▸ **Data for this exercise**:

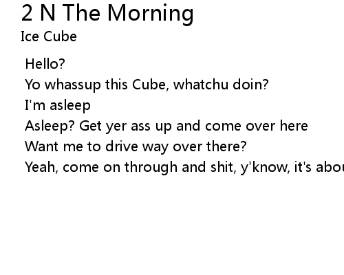 | Song | 2 N The Morning |
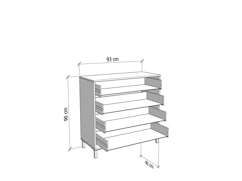 Die Kommode VIENNE 4F im Dekor Opakweiß ist so konzipiert, dass sie dank des Stauraums, den die vier geräumigen Schubladen bieten, zu den Elementen mit hohem Gebrauchswert gehört. Die Kommode VIENNE 4F eignet sich für die Einrichtung des Flurs, des Wohnzimmers, des Kinder- oder Schlafzimmers.
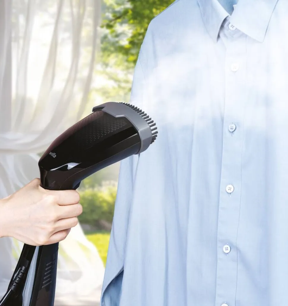 | Vinkkejä parhaan tuloksen saamiseksi: 1. Tarkista aina pesuohjeet ennen käyttöä. 2.Kokeile ensin näkymättömään kohtaan. 3. Sulje napit ennen höyrystystä. 4. Anna vaatteiden jäähtyä hetki käytön jälkeen. 5. Vedä kangasta kevyesti höyrystyksen aikana tasaisen lopputuloksen saavuttamiseksi |
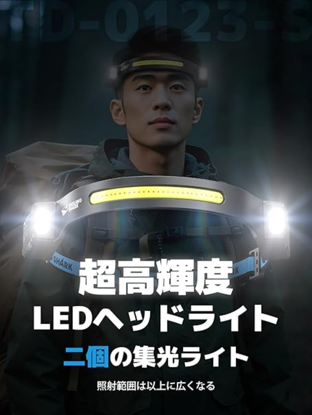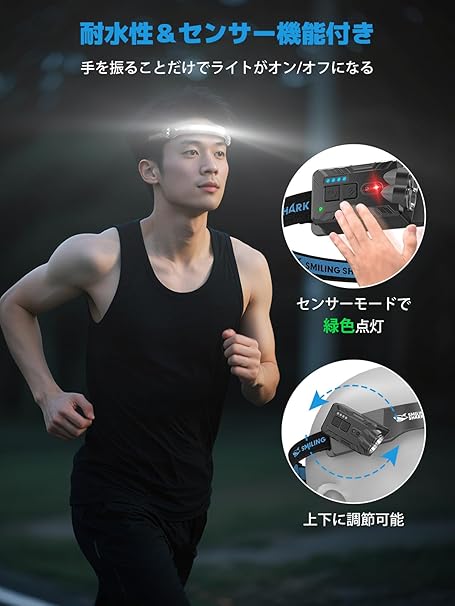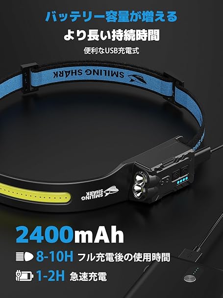 Smiling Shark ヘッドライト TD-0123-S 【2つの集光ライト・幅広い照射範囲】Type-C充電式 高輝度 LEDヘッドランプ 強力 5つ照明モード 点滅 270°以上広角照明 人感センサー付き 8時間連続使用可能 IPX4 防水防塵 多機能 釣り 登山 散歩 キャンプ 作業 災害 停電 最適 一個入り a
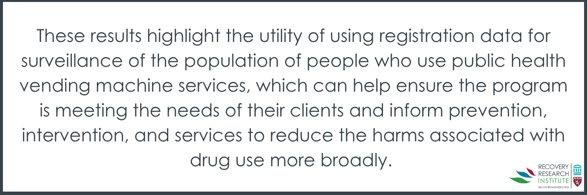 More knowledge about who is using public health vending services can provide data on recent drug use trends and also inform prevention and intervention efforts. Researchers in this study used such data to examine the demographics and drug use behaviors of people who registered for these vending machine services, including co-use of opioids and stimulants.
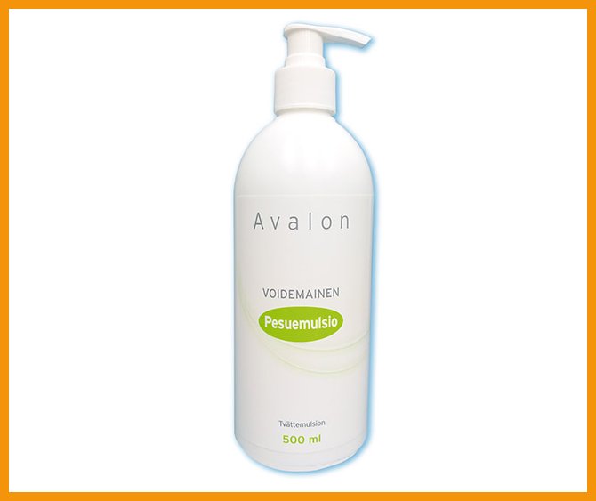 Avalon Pesuemulsio on saippuan sijasta käytettävä, hoitavia öljyjä sisältävä vesiemulsio erityisesti vaippa-alueen iholle. Voidemainen, samanaikaisesti puhdistava ja hoitava tuote ei kuivata ihoa eikä sitä tarvitse huuhtoa. Valmistettu Suomessa.Pakkauskoko: 500 ml pumppupullossa
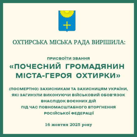 На сесії Охтирської міської ради депутати ухвалили рішення про присвоєння звання «Почесний громадянин міста-героя Охтирки» (посмертно) Захисникам України, які загинули внаслідок повномасштабного вторгнення російської федерації.
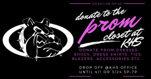 KHS staff have organized a Prom Closet for students this year and are seeking donations from the community. The closet will be a free resource for any KHS student needing help finding something to wear for prom. Organizers are asking for donations of prom dresses, shoes, accessories, suits, dress shirts, ties, etc.
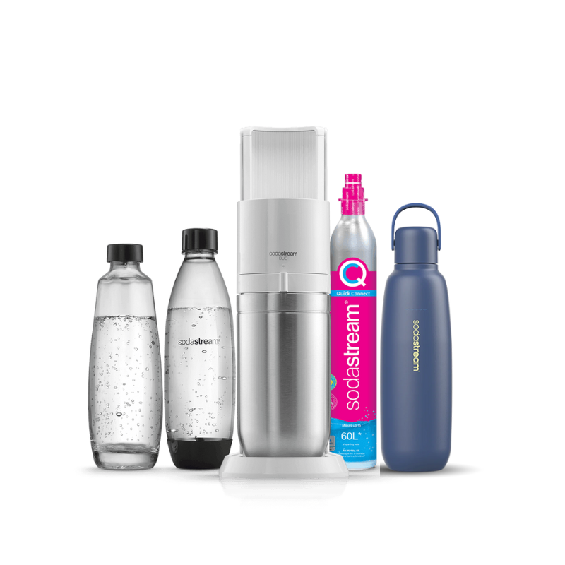La nouvelle sodastream DUO® est la façon la plus avancée de faire pétiller votre eau. Grâce à la combinaison de bouteilles en verre et en plastique lavables au lave-vaisselle, vous ne pourrez plus vous passer de vos boissons préférées, que ce soit à la maison ou en déplacement.
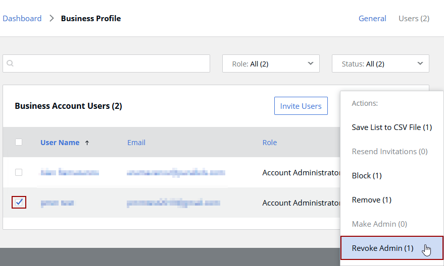 NOTE: If the member is already added with the Account Administrator role, it should be demoted to Regular Member:
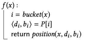查询时:对于给定的 key,使用固定出的 Hash 函数计算出 h, h0, h1,根据 P[h] 得到 pilot 与 d0, d1,使用 poisition 易求得 Hash 值,即完成了一次查找(至少 4 次除法 or 求余操作,h < m)
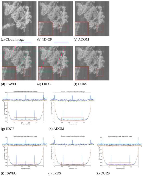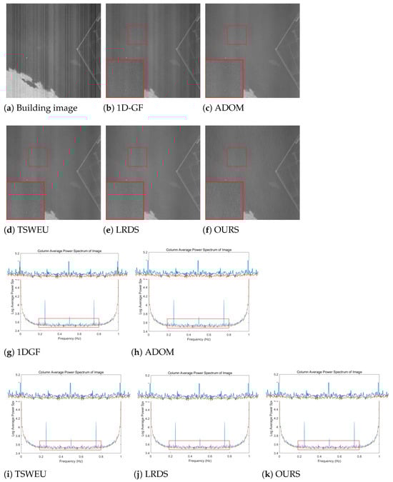 As shown in Figure 13, Figure 14, Figure 15 and Figure 16, compared with other methods, 1-D GF has the worst denoising effect. Although it preserves the edges and details, it is difficult to completely remove stripe noise in actual images. There is a certain amount of noise residue in the red square box. Moreover, small red pulses still present at the positions of larger blue pulses in the power spectral density graphs, which also indicates that some of the stripe noise has not been removed. ADOM performs well on the power spectral density graphs, with only very small spike pulses. ADOM can basically remove the majority of stripe noise, but there is a phenomenon of edge area pixels being excessively smoothed in the denoised images.
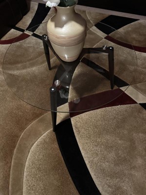 This modern glass coffee table is absolutely beautiful. It came well packaged and was easy to installed following the instructions in the manual and tools. It has a clear glass at the top and three legs which gives it a sleek look. I love the quality and how easy it is to clean. It added a unique touch to my living room. Love it
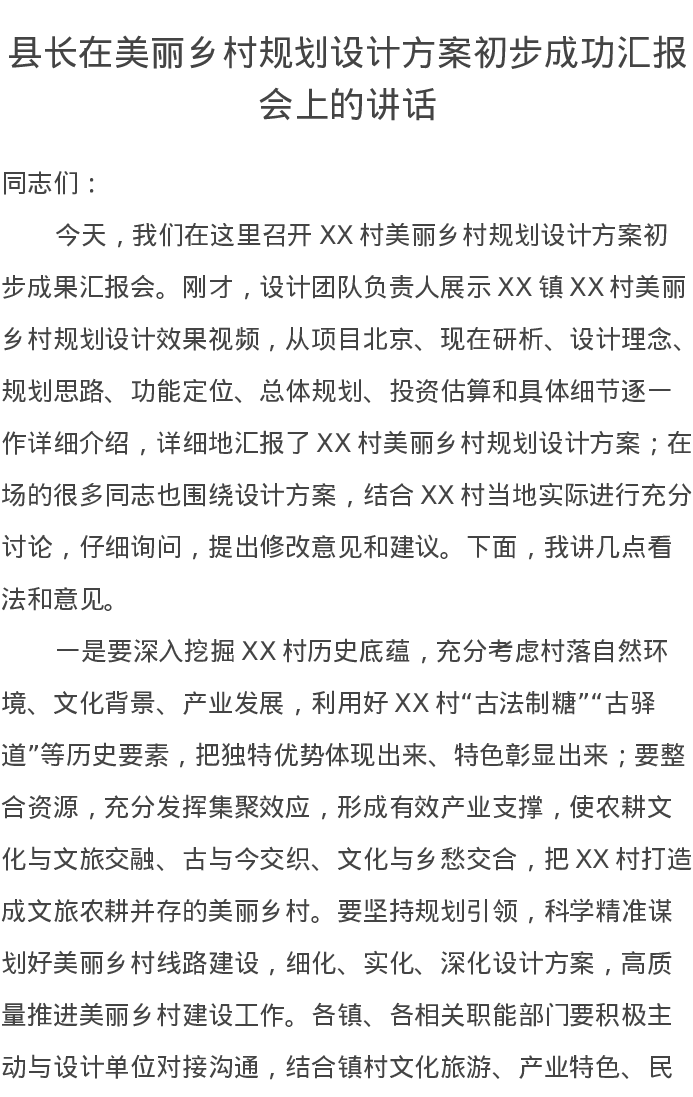 县长在美丽乡村规划设计方案初步成功汇报会上的讲话
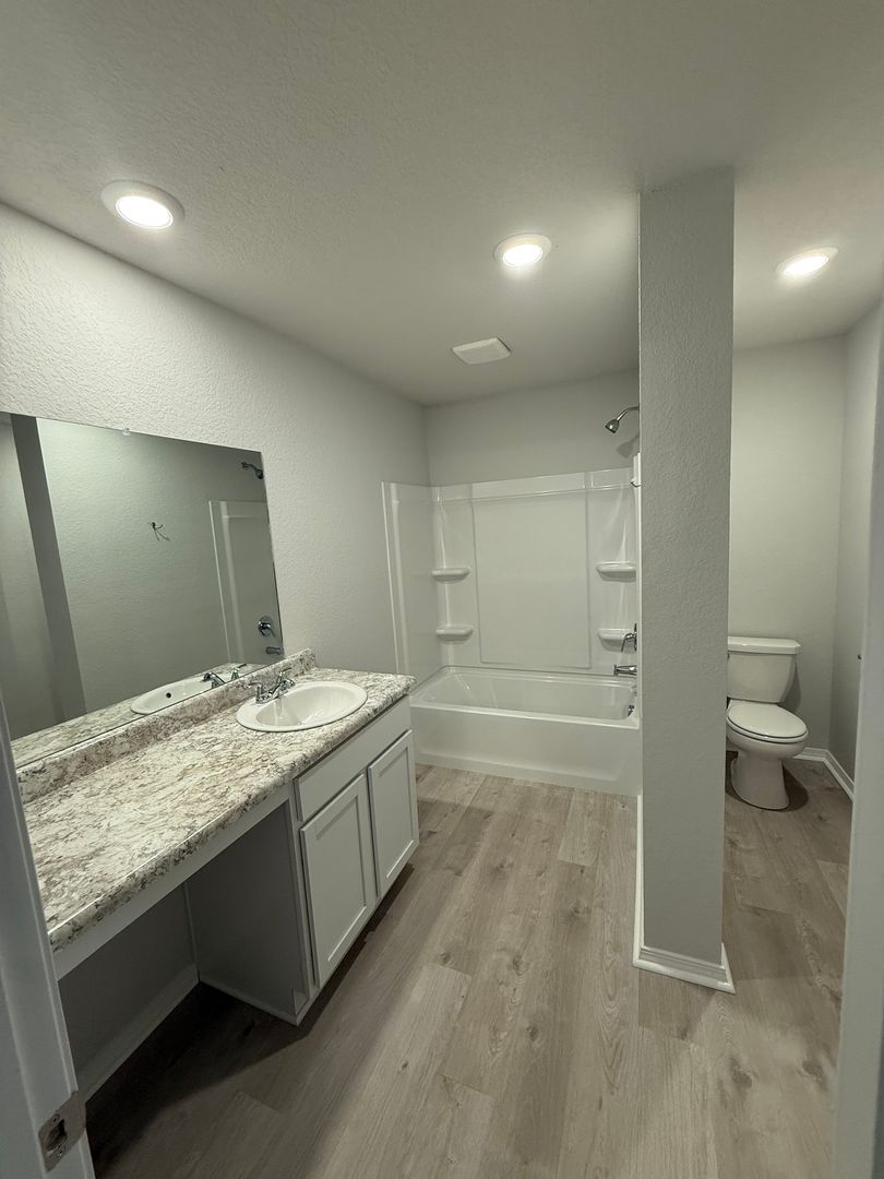 The two bathrooms are well-appointed and the home also includes a convenient laundry closet.
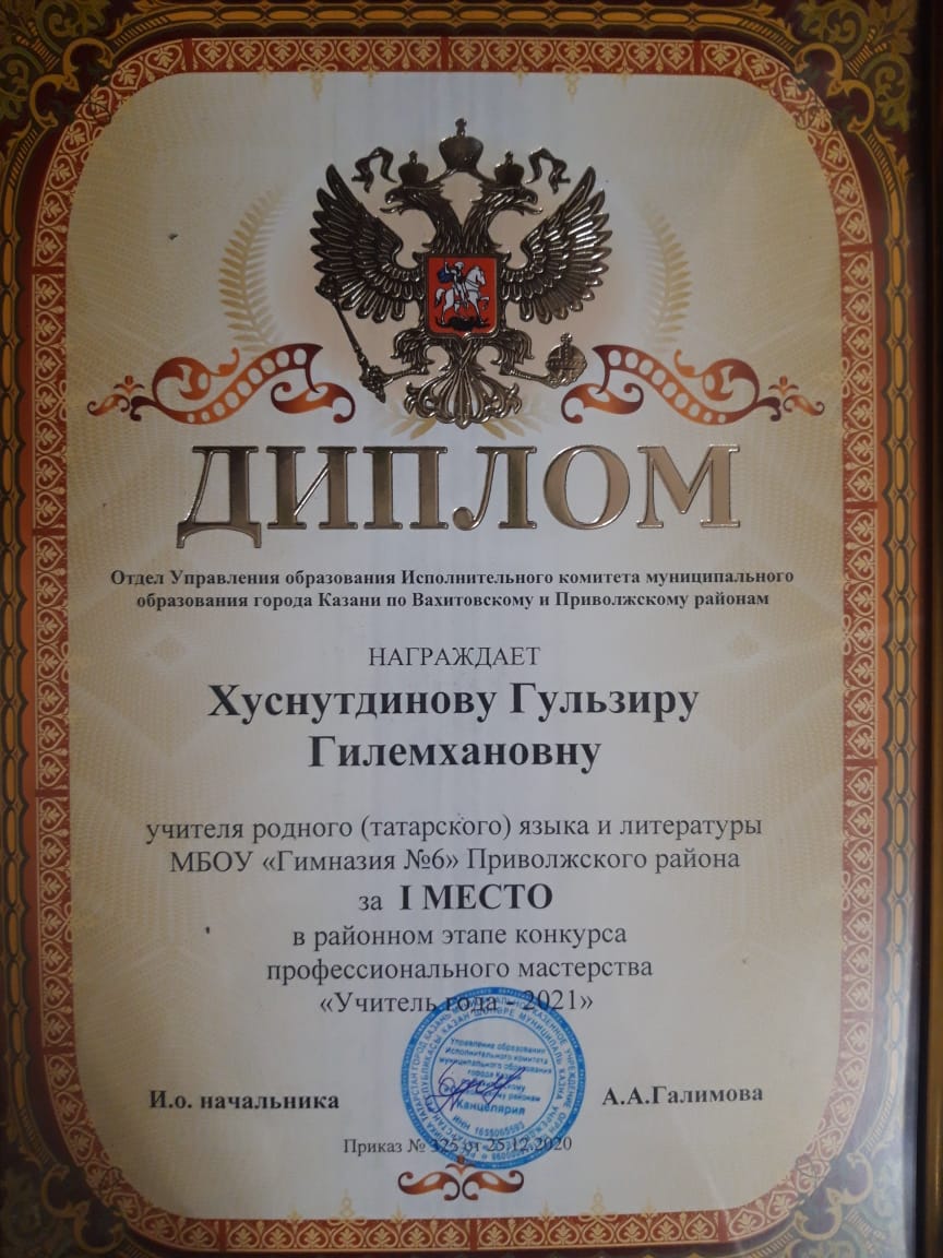 «Учитель татарского языка и литературы» - Хуснутдинову Гульзиру Гилемхановну-Диплом I степени!

▸ **What is required**:
Extract the lines exactly, please: the first line of the listing, the line with "KHS staff have", and every line between them, but no pictures.

▸ **Answer area**:
 | Song | 2 N The Morning |
 Die Kommode VIENNE 4F im Dekor Opakweiß ist so konzipiert, dass sie dank des Stauraums, den die vier geräumigen Schubladen bieten, zu den Elementen mit hohem Gebrauchswert gehört. Die Kommode VIENNE 4F eignet sich für die Einrichtung des Flurs, des Wohnzimmers, des Kinder- oder Schlafzimmers.
 | Vinkkejä parhaan tuloksen saamiseksi: 1. Tarkista aina pesuohjeet ennen käyttöä. 2.Kokeile ensin näkymättömään kohtaan. 3. Sulje napit ennen höyrystystä. 4. Anna vaatteiden jäähtyä hetki käytön jälkeen. 5. Vedä kangasta kevyesti höyrystyksen aikana tasaisen lopputuloksen saavuttamiseksi |
 Smiling Shark ヘッドライト TD-0123-S 【2つの集光ライト・幅広い照射範囲】Type-C充電式 高輝度 LEDヘッドランプ 強力 5つ照明モード 点滅 270°以上広角照明 人感センサー付き 8時間連続使用可能 IPX4 防水防塵 多機能 釣り 登山 散歩 キャンプ 作業 災害 停電 最適 一個入り a
 More knowledge about who is using public health vending services can provide data on recent drug use trends and also inform prevention and intervention efforts. Researchers in this study used such data to examine the demographics and drug use behaviors of people who registered for these vending machine services, including co-use of opioids and stimulants.
 Avalon Pesuemulsio on saippuan sijasta käytettävä, hoitavia öljyjä sisältävä vesiemulsio erityisesti vaippa-alueen iholle. Voidemainen, samanaikaisesti puhdistava ja hoitava tuote ei kuivata ihoa eikä sitä tarvitse huuhtoa. Valmistettu Suomessa.Pakkauskoko: 500 ml pumppupullossa
 На сесії Охтирської міської ради депутати ухвалили рішення про присвоєння звання «Почесний громадянин міста-героя Охтирки» (посмертно) Захисникам України, які загинули внаслідок повномасштабного вторгнення російської федерації.
 KHS staff have organized a Prom Closet for students this year and are seeking donations from the community. The closet will be a free resource for any KHS student needing help finding something to wear for prom. Organizers are asking for donations of prom dresses, shoes, accessories, suits, dress shirts, ties, etc.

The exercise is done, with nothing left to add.